━━━ PROVIDED ENTRIES

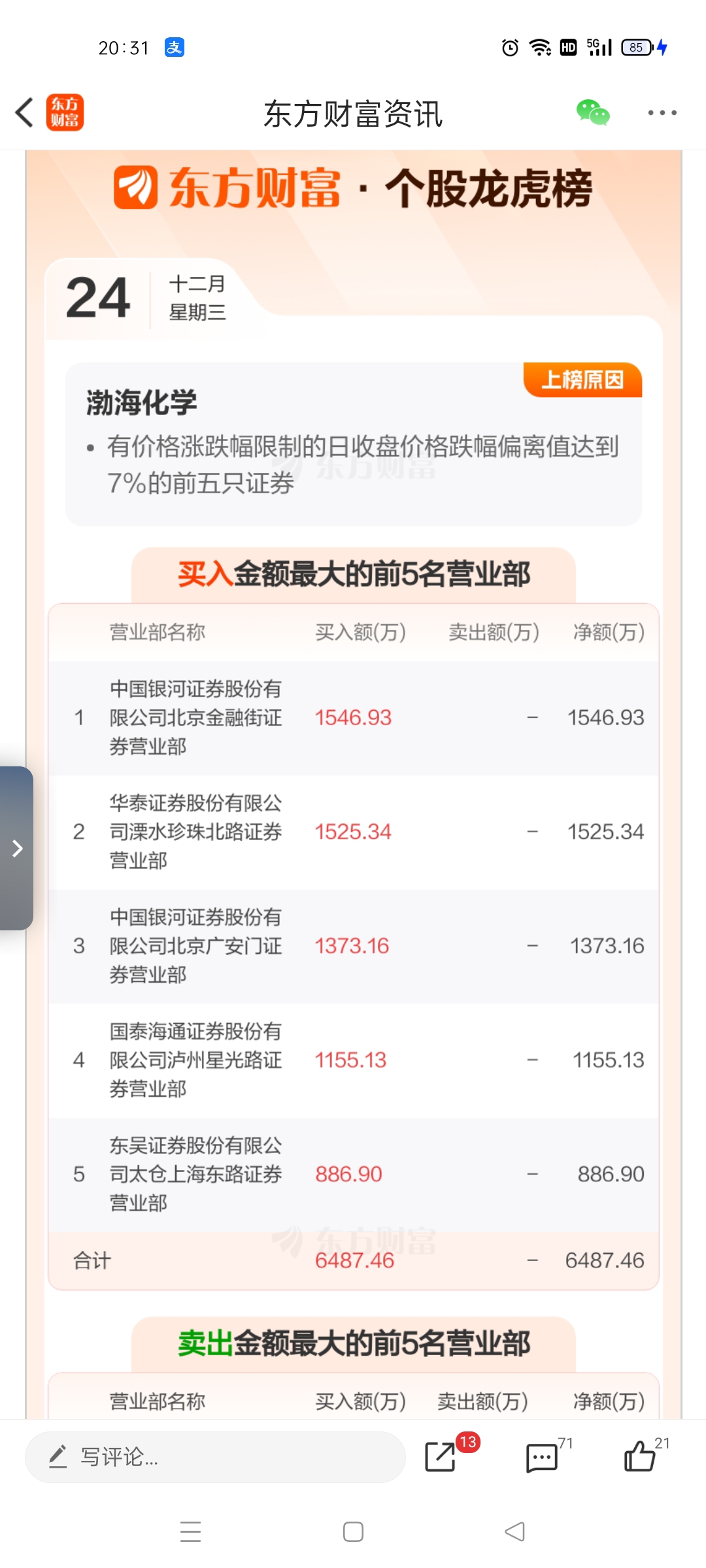 $渤海化学(SH600800)$ 龙虎榜的这些,难道都已经走了么
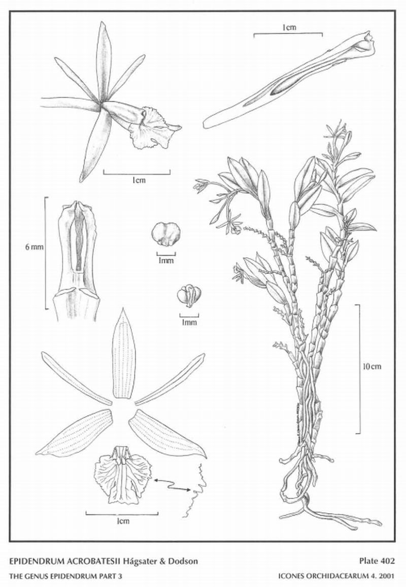 "Epidendrum acrobates belongs to the GROUP Batesii , characterized by the monopodial main stem with a subapical branching habit, acute leaves, successive, essentially non-resupinate flowers, opening one at a time, deep nectary, entire to 3-lobed lip with the lateral lobes more or less fimbriate to erose. The species appears at first sight to have the habit of a plant of the GROUP Andean SUBGROUP Moritzii, but it is recognized by its branching stem, elliptic-lanceolate, acute leaves, and a suberect peduncle and rachis, the successive flowers, one open at a time, the obcuneate midlobe of the lip and the large lateral lobes transversely semi-ovate, the apex acute. It is very close to E. batesii which has larger flowers, a more prominently inflated ovary, and ranges along the Pacific lowlands of southern Colombia and Ecuador at elevations of 250 to 600 meters" Hagsater etal 2001
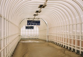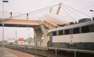 Lifttel megyek fel a vágányok és a négysávos út feletti felüljáróba. Az felüljárót kilátásmentesen építették meg, ennek két oka lehet, vagy az ostobaság, vagy a terrorizmus elleni harc. A kilátásmentesség ellenére bármibe lefogadom, hogy lezárják a felüljárót, ha kényesebb delegáció közlekedik a közúton.
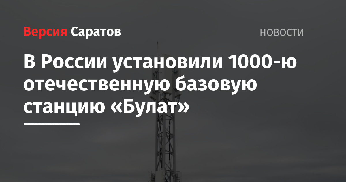 T2, российский оператор мобильной связи, вывел в эфир 1000-ю базовую станцию российского производителя «Булат». Юбилейный телеком-объект установили в деревне Ключи Иркутской области, жителям доступны передовые технологии 2G и 4G. К концу года общее число базовых станций «Булата» на сети Т2 достигнет 1800 единиц.
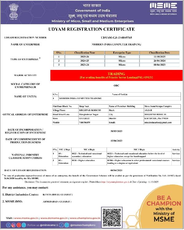 NAME OF ENTERPRISE : MODERN INDIA COMPUTER TRAINING
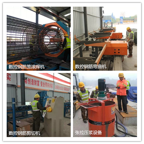 數控鋼筋籠滾焊機、彎曲機、剪切線、張拉壓漿設備等先進設備的應用,使預制箱梁生產達到了規?;⒐S化的質量要求,發揮了科技創新的引領作用。
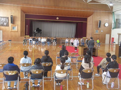 6年生は「学校をたのむよ!新しい1年生を迎えて、よろしくね!」という気持ちを込めて、5年生は「卒業される先輩の姿を見て、自分が来年あの立場でやるのか、いよいよ最高学年としての自覚を…」という気持ちを抱いて総練習に取り組めたようでした。
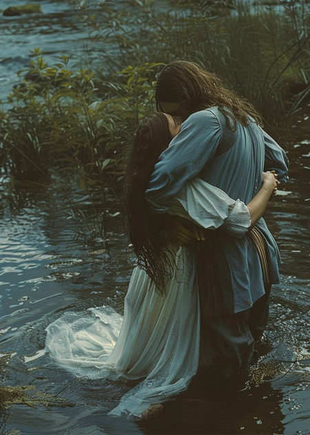 Диана повернулась к реке и увидела как из нее поднимается столб глины. Белая смесь постепенно приобретала человеческий вид. Что-то необъяснимое медленно выходило из реки и направлялось к сестрам. Чем ближе силуэт подходил, тем отчетливее Диана видела острые скулы, сильные руки и темные вьющиеся волосы. Силуэт был одет в тонкое и вьющееся морского оттенка облачение. Подойдя вплотную девушка разглядела необычайной красоты молодого юношу. Он склонился над телом Анны и одни движением поднял ее на руки. Девушка проваливалась в сон, кровь придала ее рубашке алый цвет и тоненькой струйкой текла по телу. Диана схватила сестру за руку.
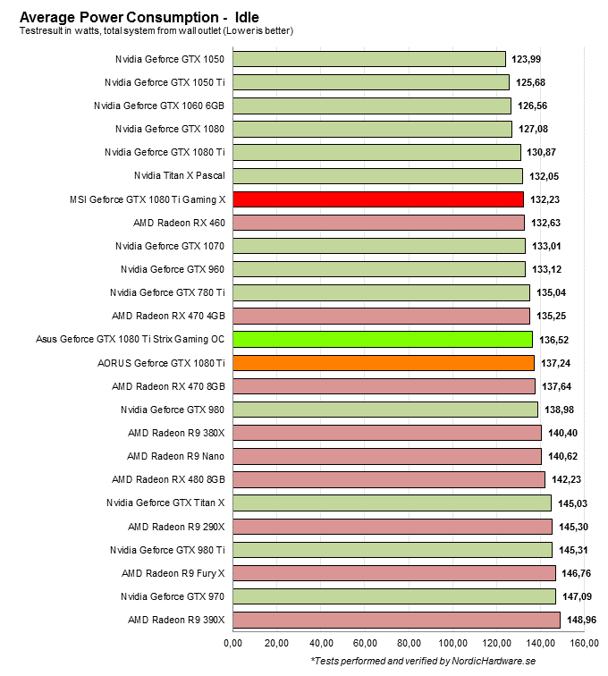 Den genomsnittliga effektförbrukningen för partnertillverkade Geforce GTX 1080 Ti i vila är något högre jämfört med referenskortet, vilket är förväntat med tanke på den uppgraderade strömförsörjningen och högre basfrekvensen.

━━━━━━

### TASK DETAILS:
Transcribe the listing exactly. Its images are to be omitted.

### TASK ANSWER:
 $渤海化学(SH600800)$ 龙虎榜的这些,难道都已经走了么
 "Epidendrum acrobates belongs to the GROUP Batesii , characterized by the monopodial main stem with a subapical branching habit, acute leaves, successive, essentially non-resupinate flowers, opening one at a time, deep nectary, entire to 3-lobed lip with the lateral lobes more or less fimbriate to erose. The species appears at first sight to have the habit of a plant of the GROUP Andean SUBGROUP Moritzii, but it is recognized by its branching stem, elliptic-lanceolate, acute leaves, and a suberect peduncle and rachis, the successive flowers, one open at a time, the obcuneate midlobe of the lip and the large lateral lobes transversely semi-ovate, the apex acute. It is very close to E. batesii which has larger flowers, a more prominently inflated ovary, and ranges along the Pacific lowlands of southern Colombia and Ecuador at elevations of 250 to 600 meters" Hagsater etal 2001
 Lifttel megyek fel a vágányok és a négysávos út feletti felüljáróba. Az felüljárót kilátásmentesen építették meg, ennek két oka lehet, vagy az ostobaság, vagy a terrorizmus elleni harc. A kilátásmentesség ellenére bármibe lefogadom, hogy lezárják a felüljárót, ha kényesebb delegáció közlekedik a közúton.
 T2, российский оператор мобильной связи, вывел в эфир 1000-ю базовую станцию российского производителя «Булат». Юбилейный телеком-объект установили в деревне Ключи Иркутской области, жителям доступны передовые технологии 2G и 4G. К концу года общее число базовых станций «Булата» на сети Т2 достигнет 1800 единиц.
 NAME OF ENTERPRISE : MODERN INDIA COMPUTER TRAINING
 數控鋼筋籠滾焊機、彎曲機、剪切線、張拉壓漿設備等先進設備的應用,使預制箱梁生產達到了規?;⒐S化的質量要求,發揮了科技創新的引領作用。
 6年生は「学校をたのむよ!新しい1年生を迎えて、よろしくね!」という気持ちを込めて、5年生は「卒業される先輩の姿を見て、自分が来年あの立場でやるのか、いよいよ最高学年としての自覚を…」という気持ちを抱いて総練習に取り組めたようでした。
 Диана повернулась к реке и увидела как из нее поднимается столб глины. Белая смесь постепенно приобретала человеческий вид. Что-то необъяснимое медленно выходило из реки и направлялось к сестрам. Чем ближе силуэт подходил, тем отчетливее Диана видела острые скулы, сильные руки и темные вьющиеся волосы. Силуэт был одет в тонкое и вьющееся морского оттенка облачение. Подойдя вплотную девушка разглядела необычайной красоты молодого юношу. Он склонился над телом Анны и одни движением поднял ее на руки. Девушка проваливалась в сон, кровь придала ее рубашке алый цвет и тоненькой струйкой текла по телу. Диана схватила сестру за руку.
 Den genomsnittliga effektförbrukningen för partnertillverkade Geforce GTX 1080 Ti i vila är något högre jämfört med referenskortet, vilket är förväntat med tanke på den uppgraderade strömförsörjningen och högre basfrekvensen.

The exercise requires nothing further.